Applying a different raw.dnsmasq value fixes it , but only for a single RA:

anderson@anderson-ryzen9:~$ lxc network set lxdbr0 raw.dnsmasq="ra-param=lxdbr0,30"
anderson@anderson-ryzen9:~$ cat /var/snap/lxd/common/lxd/networks/lxdbr0/dnsmasq.raw
ra-param=lxdbr0,30

anderson@build-armbian:~$ ip addr show eth0
42: eth0@if43: <BROADCAST,MULTICAST,UP,LOWER_UP> mtu 1500 qdisc noqueue state UP group default qlen 1000
    link/ether 00:16:3e:fa:f9:5e brd ff:ff:ff:ff:ff:ff link-netnsid 0
    inet 10.11.12.199/24 brd 10.11.12.255 scope global dynamic eth0
       valid_lft 3082sec preferred_lft 3082sec
    inet6 fd42:c8f3:56ae:8db:216:3eff:fefa:f95e/64 scope global dynamic mngtmpaddr noprefixroute 
       valid_lft 3587sec preferred_lft 3587sec
    inet6 fe80::216:3eff:fefa:f95e/64 scope link 
       valid_lft forever preferred_lft forever

// wait a while...

anderson@build-armbian:~$ ip addr show eth0
42: eth0@if43: <BROADCAST,MULTICAST,UP,LOWER_UP> mtu 1500 qdisc noqueue state UP group default qlen 1000
    link/ether 00:16:3e:fa:f9:5e brd ff:ff:ff:ff:ff:ff link-netnsid 0
    inet 10.11.12.199/24 brd 10.11.12.255 scope global dynamic eth0
       valid_lft 2482sec preferred_lft 2482sec
    inet6 fd42:c8f3:56ae:8db:216:3eff:fefa:f95e/64 scope global dynamic mngtmpaddr noprefixroute 
       valid_lft 2987sec preferred_lft 2987sec
    inet6 fe80::216:3eff:fefa:f95e/64 scope link 
       valid_lft forever preferred_lft forever

So, still trying to figure out what action in particular gets it to refresh correctly and consistently.

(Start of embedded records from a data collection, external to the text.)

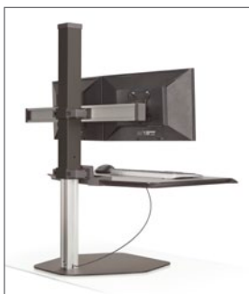
Engineered for stability
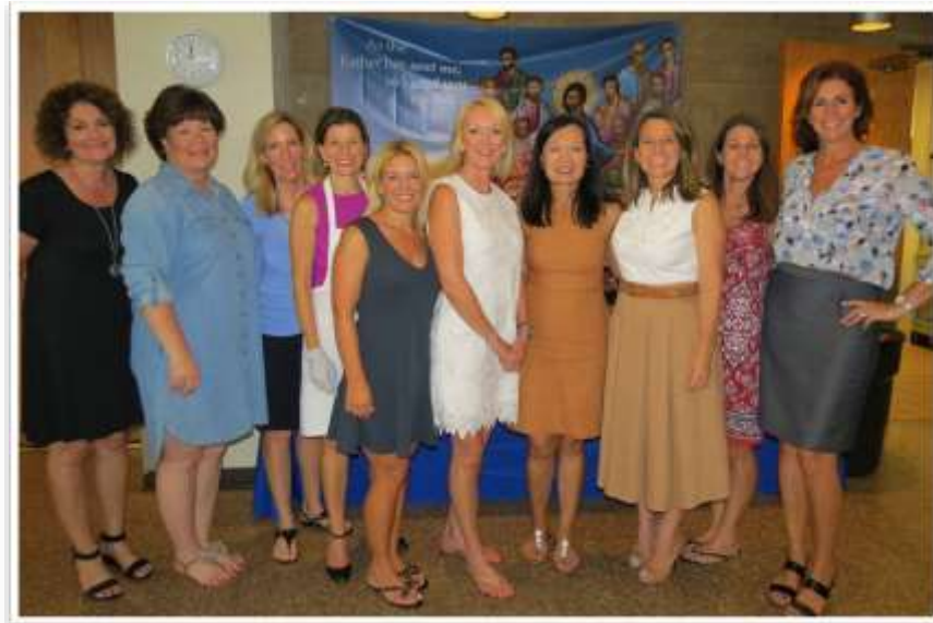
OPA Board members
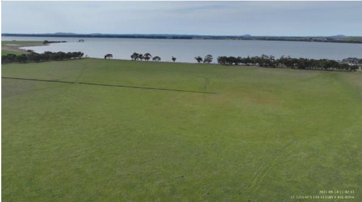
Appendix Plate 191. Waterbody 166; Low habitat quality.
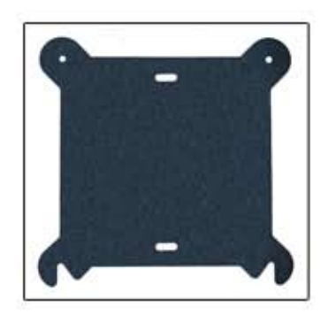
Open-Well Cover (#C797) Can be added to eliminate the openings in the dock.
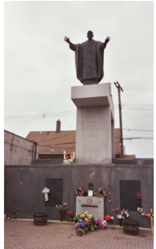
Pope John Paul II Park, Hamtramck, Michigan, April 30, 2005.
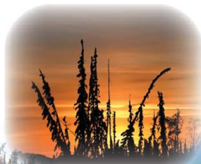
Scenes from Questville, affectionately named by the Oilsands Quest/Norwest project crews.

Oilsands Quest, supported by Norwest's geology team, launched an inaugural program to delineate a resource area which could significantly expand the
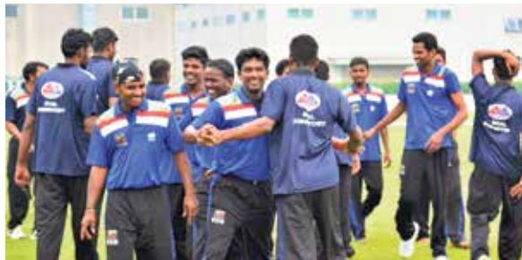
South Asian guest workers in great spirits at the AGWO Cricket Cup
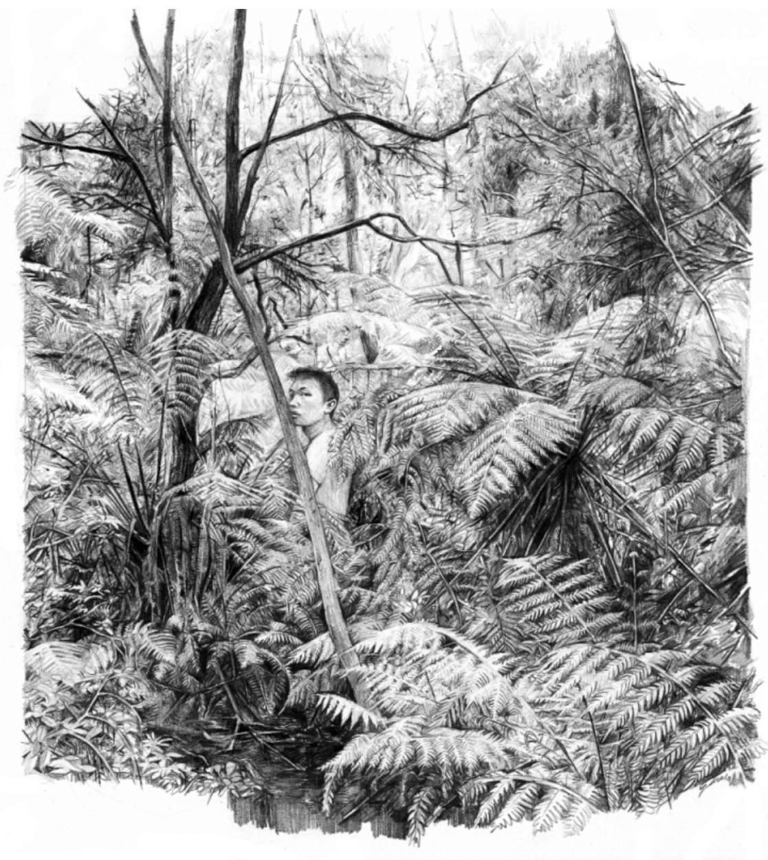
Elsewhere By Brian Cheung Graphite on paper framed 30cm x 31cm $620
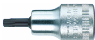
03100027 Screwdriver socket
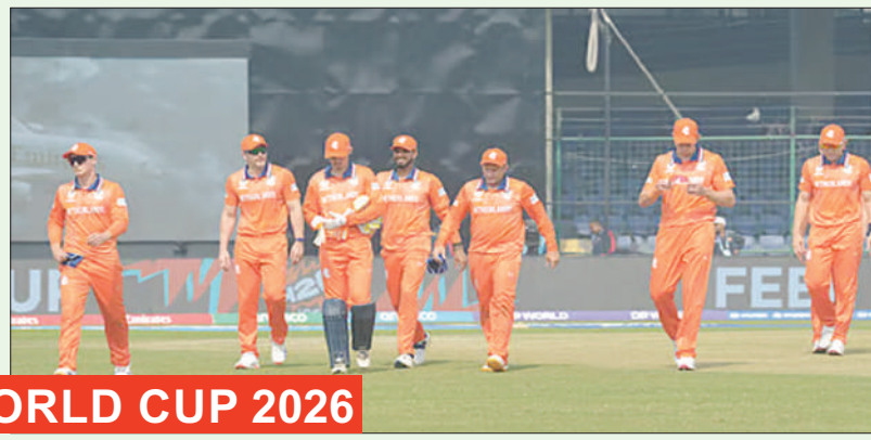
T20 WORLD CUP 2026

a fluent 32, forging a vital stand with Bas de Leede.

tomp · August 12, 2021, 8:08am

You don’t happen to have something running inside that container that is also advertising IPv6 routes by any chance do you?

How about this:

Stop all containers.
Restart LXD so you get just the static IPv6 assigned and not the dynamic one on lxdbr0.
Wait for an RA from dnsmasq and check no dynamic assignments get added on lxdbr0.
Now launch a fresh container using images:ubuntu/focal and check A) that no dynamic IPs get added to lxdbr0, and B) that the dynamic address inside the new container gets refreshed.

If that all works then we can be more confident there is something unusual about your existing container.